Latin America: Revenue decreased approximately 3 percent versus the prior year
period, or approximately 1 percent excluding foreign currency headwinds. In the
first quarter of 2021, we proactively reduced channel inventory of FMC products
as planned, improving our inventory situation in Brazil. Additionally, Brazil's
cotton business was very strong for us in the three months ended March 31, 2020,
which did not repeat in 2021. These were partially offset by a return to growth
in Brazil and strong contributions from Mexico and the Andean subregion in the
second quarter of 2021.
EMEA: Revenue decreased approximately 1 percent versus the prior year period, or
approximately 6 percent excluding foreign currency, primarily due to
discontinued registrations and a delayed start to Spring which resulted in lost
applications. These more than offset strong sales of diamides and other
insecticides and fungicides.
Asia: Revenue increased approximately 19 percent versus the prior year period,
or approximately 13 percent excluding foreign currency headwinds, driven by
growth in Australia and India. We had strong sales for our new Overwatch®
herbicide and sales of our diamides were robust across the region.
For 2021, full-year revenue is expected to be in the range of approximately $4.9
billion to $5.1 billion, which represents approximately 8 percent growth at the
midpoint versus 2020.
Gross margin
Three Months Ended June 30, 2021 vs. 2020
Gross margin of $531.8 million increased $9.1 million, or approximately 2
percent versus the prior year period. The increase was primarily due to higher
revenues driven by increased volumes.
Gross margin percent of approximately 43 percent decreased 2 percent compared to
approximately 45 percent in the prior year period primarily due to accelerating
raw material and logistic costs.
Six Months Ended June 30, 2021 vs 2020
Gross margin of $1,044.2 million decreased $40.0 million, or approximately 4
percent versus the prior year period.
Gross margin percent of approximately 43 percent decreased slightly from
approximately 45 percent in the prior year period primarily due to accelerating
raw material and logistic costs.
Selling, general and administrative expenses
Three Months Ended June 30, 2021 vs. 2020
Selling, general and administrative expenses of $161.0 million decreased $10.0
million, or 6 percent, versus the prior year period.

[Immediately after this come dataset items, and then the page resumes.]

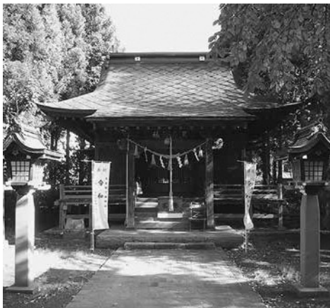
黒石神社（黒石市市ノ町）
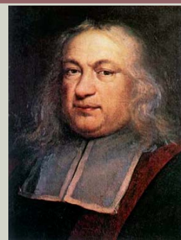
Pierre Fermat (1601 -1665)

encontró a la pareja amistosa 9.363.584 y 9.437.056. El gran Euler tuvo un gaza-po en sus cálculos cuando construyó una tabla con 64 parejas de amigos, de los que más tarde se demostraría que una pareja era de falsos amigos. Resulta
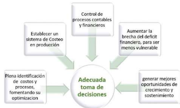
Figura 1.1 Características de los procesos en la medición del costeo

Importancia de estructurar un sistema de costeo efectivo para micronegocios, nuevos proyectos, microempresas, que a su vez, cuenten con herramientas financieras que faciliten su control primario
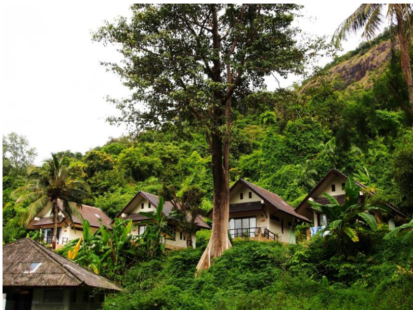
Bungalovy Národního parku ve stráni nad pláží
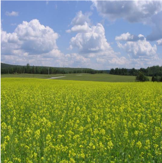
Photo : Moutarde brune

Récemment, l'utilisation d'engrais verts ou de rotations à base de plantes de la famille des Brassica spp. (canola, moutarde, colza, chou, etc.) suscite beaucoup d'intérêt. Ces plantes contiennent des produits soufrés, appelés glucosinolates, qui sont relâchés dans le sol lorsque la plante est hachée, puis enfouie rapidement. Certains micro-organismes du sol possèdent un enzyme qui dégrade les glucosinolates pour produire un gaz, l'isothiocyanate, toxique pour les organismes du sol. Cette réaction, appelée biofumigation, peut aussi être obtenue avec des amendements à base de crucifères (granules de crucifères, tourteaux de colza, etc.).
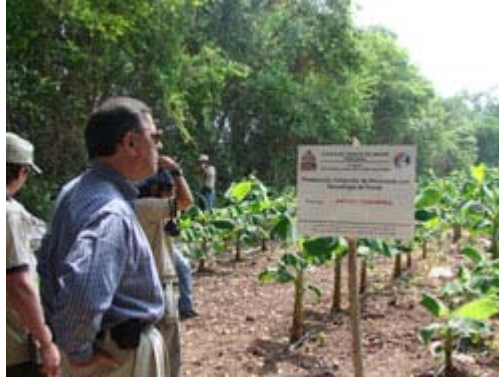
El embajador Vásquez durante su visita a una de las fincas.

Comayagua.- El embajador Gaddi Vásquez, representante de los Estados Unidos ante las agencias de Agricultura y Alimentación de las Naciones Unidas en Roma, Italia, visitó Honduras recientemente, con el objetivo de conocer los diferentes programas financiados por su país.
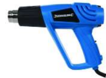
PISTOLET DECAPEUR REGLABLE
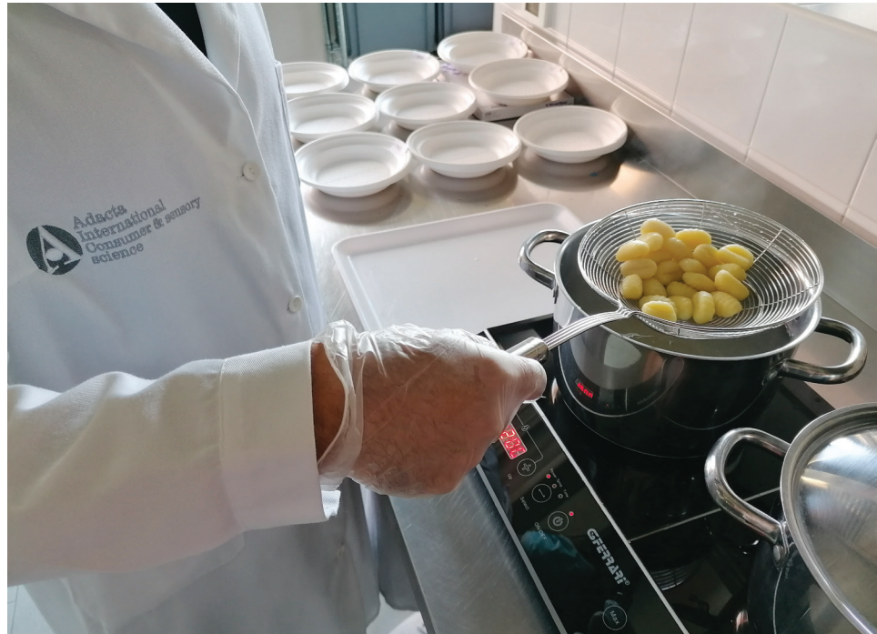
La preparazione degli gnocchi per l'analisi sensoriale in uno dei laboratori di Adacta international
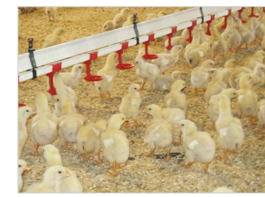
foto tipo abbeveratore a goccia
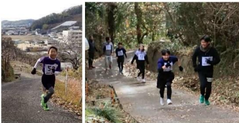
ゴールをめざして走る、走る！

12月24日（日）、第2回「古都クロスカントリー世界大会2023」が開催され、園児から大人まで約30人のランナーが古都小より岡谷八幡宮までのコースを駆け抜けました。見守りランナー、スタッフ等多くの方が子どもたちのがんばりを支えてくださいました。八幡宮のある丘からは古都学区の眺めが抜群です。レース後は栄養改善委員の方々の豚汁がふるまわれ心も体も暖まりました。
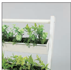
緑と白のさわやかな組み合わせ。
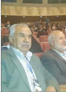
تفاهم نامه سرمایه گذاری به ارزش ۶۲۰ تریلیون ریال و میزان ۲ برابر بودجه عمرانی کشور، ضرورت عملیاتی و اجرایی شدن آنها، کمیته دائمی پیگیری تفاهم نامه در زیر مجموعه دبیرخانه دائمی اجلاس جهانی شهرداران...
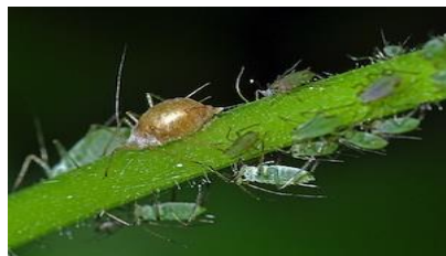
Puceron parasité par une pique de syrph

Le puceron vert mesure entre 3 et 6 mm, il prélève de la sève et provoque des dégâts directs tel l'affaiblissement du plant de lentille, avortement des boutons floraux, diminution du nombre de gousse et également il est vecteur de virus.
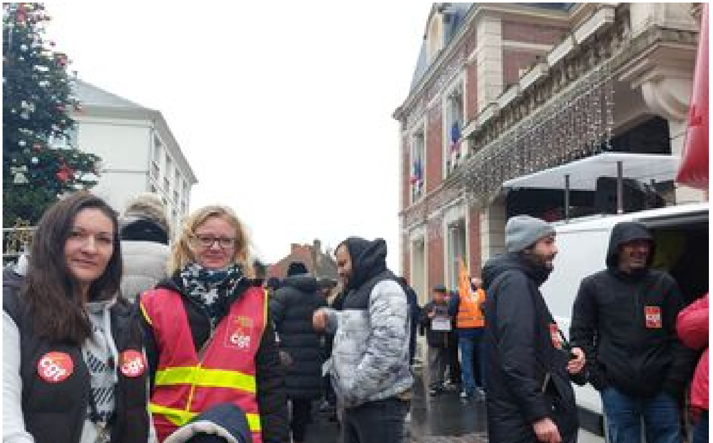
Noisy-le-Grand : en grève, les agents municipaux réclament une prime pouvoir d'achat pour tous P
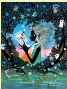
《アリスのハート》2005年 ©Seiji Fujishiro/HoriPro

光と影で表現する絵画「影絵」を芸術の域にまで高めた藤城清治の世界を紹介します。黒と鮮やかな色彩との美しいコントラスト、モダンでありながら、郷愁を誘う風景や風俗、童話の幻想的な作品をお楽しみください。
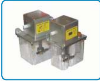
SIVI YAĞLAMA POMPALARI
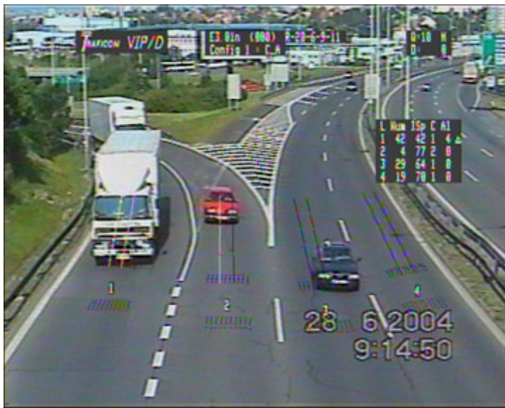
Obr. č. 6b
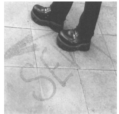
Unkonventionelle Lösungen bei der Fahrgastinformation - besser so, als gar nicht! (Foto: Alexander Frenzel, Dezember 2000)

Als es am 6. November losging, gab es weder Fahrplanaushänge für die

A large portion of the
decrease was related to the fact that we did not incur any transaction-related
expenses after the first quarter of 2021. Selling, general and administrative
expenses, excluding transaction-related charges, increased $3.0 million, or
approximately 2 percent, versus the prior year period.
Six Months Ended June 30, 2021 vs. 2020
Selling, general and administrative expenses of $335.5 million decreased $24.9
million, or approximately 7 percent versus the prior year period due to the
cessation of transaction-related expenses, as mentioned above. Selling, general
and administrative expenses, excluding transaction-related charges, increased
$0.7 million, versus the prior year period.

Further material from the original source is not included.